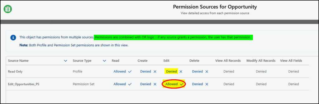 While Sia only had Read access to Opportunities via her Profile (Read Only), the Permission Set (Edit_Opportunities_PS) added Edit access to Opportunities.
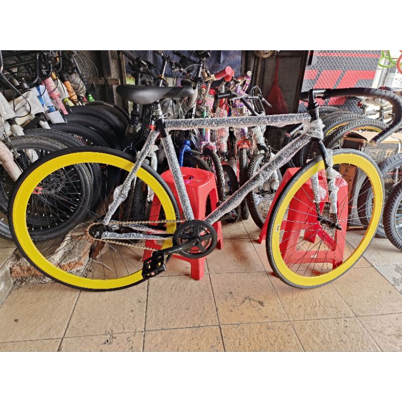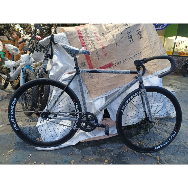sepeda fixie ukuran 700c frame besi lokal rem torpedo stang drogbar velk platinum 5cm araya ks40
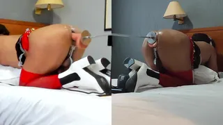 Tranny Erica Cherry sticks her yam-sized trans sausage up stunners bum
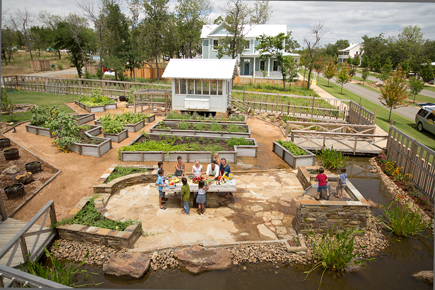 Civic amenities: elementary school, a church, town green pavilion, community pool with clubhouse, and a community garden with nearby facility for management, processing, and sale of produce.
+-------+
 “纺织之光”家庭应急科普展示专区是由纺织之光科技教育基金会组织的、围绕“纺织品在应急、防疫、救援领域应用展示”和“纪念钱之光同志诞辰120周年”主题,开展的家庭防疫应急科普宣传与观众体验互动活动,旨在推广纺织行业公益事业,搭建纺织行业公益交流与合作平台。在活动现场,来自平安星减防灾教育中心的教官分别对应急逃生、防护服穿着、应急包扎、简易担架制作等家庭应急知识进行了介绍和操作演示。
+-------+
# [WORK INSTRUCTION]
In the listing above, find the line with "Tranny Erica Cherry" and output it and every line after it up to and including the line with "Civic amenities: elementary", exactly, minus the pictures.

# [OUTPUT OF THE TASK]
 Tranny Erica Cherry sticks her yam-sized trans sausage up stunners bum
 Civic amenities: elementary school, a church, town green pavilion, community pool with clubhouse, and a community garden with nearby facility for management, processing, and sale of produce.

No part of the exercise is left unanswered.